> _Work to complete_
For this exercise, write out every entry exactly and leave the pictures out.

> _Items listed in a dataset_

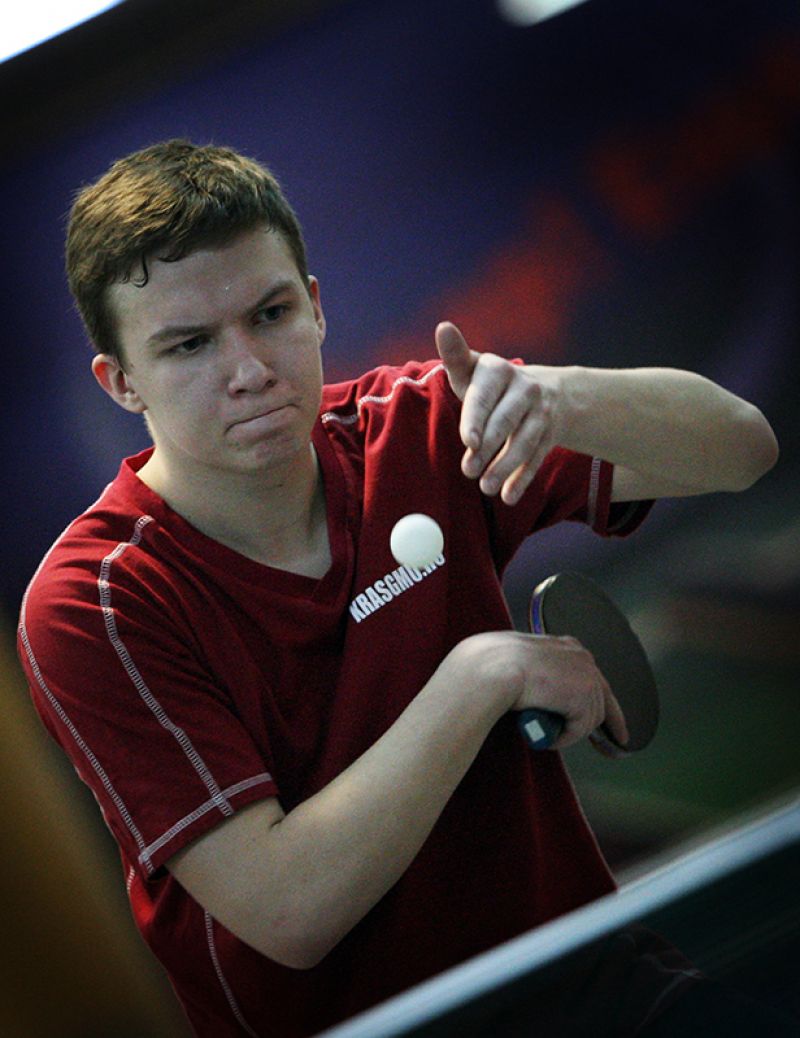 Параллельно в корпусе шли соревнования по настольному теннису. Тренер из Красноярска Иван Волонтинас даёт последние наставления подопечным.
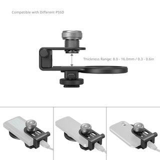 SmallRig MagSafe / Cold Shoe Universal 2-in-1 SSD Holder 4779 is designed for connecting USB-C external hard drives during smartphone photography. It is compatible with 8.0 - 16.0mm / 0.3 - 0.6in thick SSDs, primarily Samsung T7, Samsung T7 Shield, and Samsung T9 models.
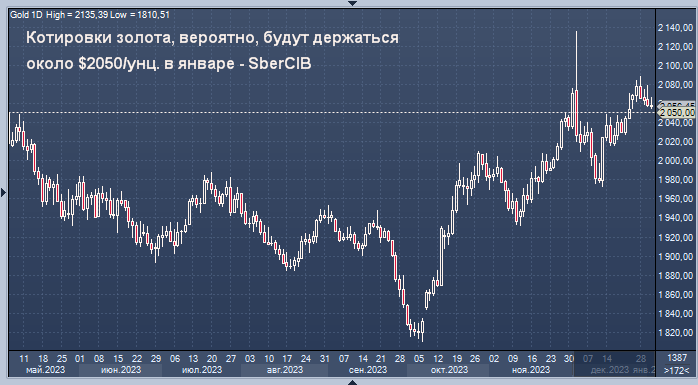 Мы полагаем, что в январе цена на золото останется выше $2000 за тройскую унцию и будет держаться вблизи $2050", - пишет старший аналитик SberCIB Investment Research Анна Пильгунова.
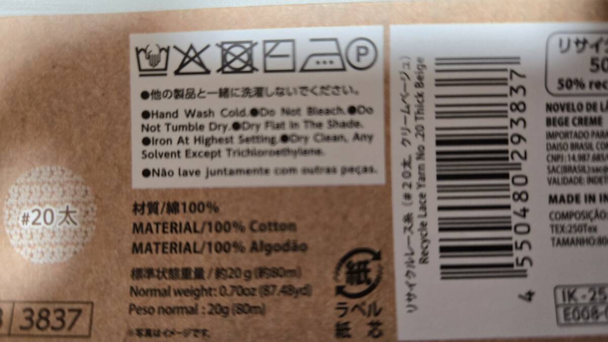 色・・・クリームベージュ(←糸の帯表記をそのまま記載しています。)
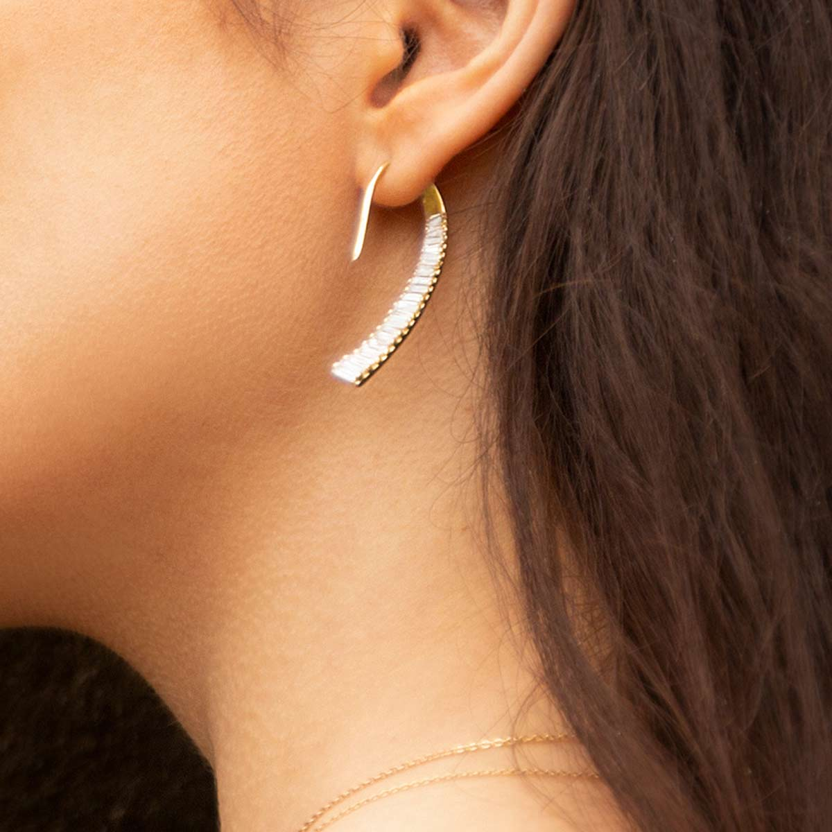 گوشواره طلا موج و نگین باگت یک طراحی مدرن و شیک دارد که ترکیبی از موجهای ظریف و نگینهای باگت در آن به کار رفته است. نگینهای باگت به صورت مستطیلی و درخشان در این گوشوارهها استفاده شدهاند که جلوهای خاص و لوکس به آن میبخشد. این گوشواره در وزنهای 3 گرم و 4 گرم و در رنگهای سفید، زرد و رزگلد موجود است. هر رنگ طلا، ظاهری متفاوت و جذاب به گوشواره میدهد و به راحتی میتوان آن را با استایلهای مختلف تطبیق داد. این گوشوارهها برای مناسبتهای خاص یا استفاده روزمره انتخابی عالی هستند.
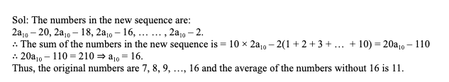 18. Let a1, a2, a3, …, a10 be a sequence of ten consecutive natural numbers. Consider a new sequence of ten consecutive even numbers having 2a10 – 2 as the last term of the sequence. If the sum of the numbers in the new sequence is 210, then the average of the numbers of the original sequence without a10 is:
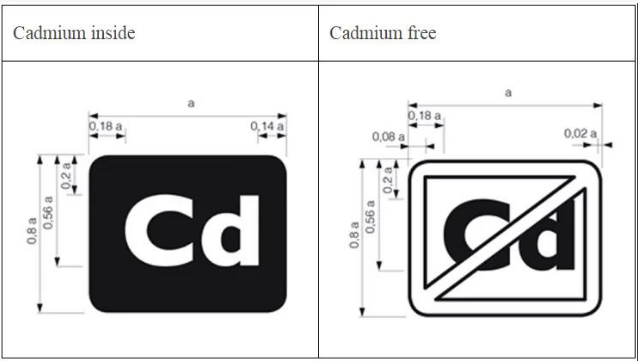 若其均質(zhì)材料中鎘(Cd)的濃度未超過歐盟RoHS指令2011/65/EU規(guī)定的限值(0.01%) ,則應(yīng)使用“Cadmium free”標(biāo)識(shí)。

> _Completed task_
 Параллельно в корпусе шли соревнования по настольному теннису. Тренер из Красноярска Иван Волонтинас даёт последние наставления подопечным.
 SmallRig MagSafe / Cold Shoe Universal 2-in-1 SSD Holder 4779 is designed for connecting USB-C external hard drives during smartphone photography. It is compatible with 8.0 - 16.0mm / 0.3 - 0.6in thick SSDs, primarily Samsung T7, Samsung T7 Shield, and Samsung T9 models.
 Мы полагаем, что в январе цена на золото останется выше $2000 за тройскую унцию и будет держаться вблизи $2050", - пишет старший аналитик SberCIB Investment Research Анна Пильгунова.
 色・・・クリームベージュ(←糸の帯表記をそのまま記載しています。)
 گوشواره طلا موج و نگین باگت یک طراحی مدرن و شیک دارد که ترکیبی از موجهای ظریف و نگینهای باگت در آن به کار رفته است. نگینهای باگت به صورت مستطیلی و درخشان در این گوشوارهها استفاده شدهاند که جلوهای خاص و لوکس به آن میبخشد. این گوشواره در وزنهای 3 گرم و 4 گرم و در رنگهای سفید، زرد و رزگلد موجود است. هر رنگ طلا، ظاهری متفاوت و جذاب به گوشواره میدهد و به راحتی میتوان آن را با استایلهای مختلف تطبیق داد. این گوشوارهها برای مناسبتهای خاص یا استفاده روزمره انتخابی عالی هستند.
 18. Let a1, a2, a3, …, a10 be a sequence of ten consecutive natural numbers. Consider a new sequence of ten consecutive even numbers having 2a10 – 2 as the last term of the sequence. If the sum of the numbers in the new sequence is 210, then the average of the numbers of the original sequence without a10 is:
 若其均質(zhì)材料中鎘(Cd)的濃度未超過歐盟RoHS指令2011/65/EU規(guī)定的限值(0.01%) ,則應(yīng)使用“Cadmium free”標(biāo)識(shí)。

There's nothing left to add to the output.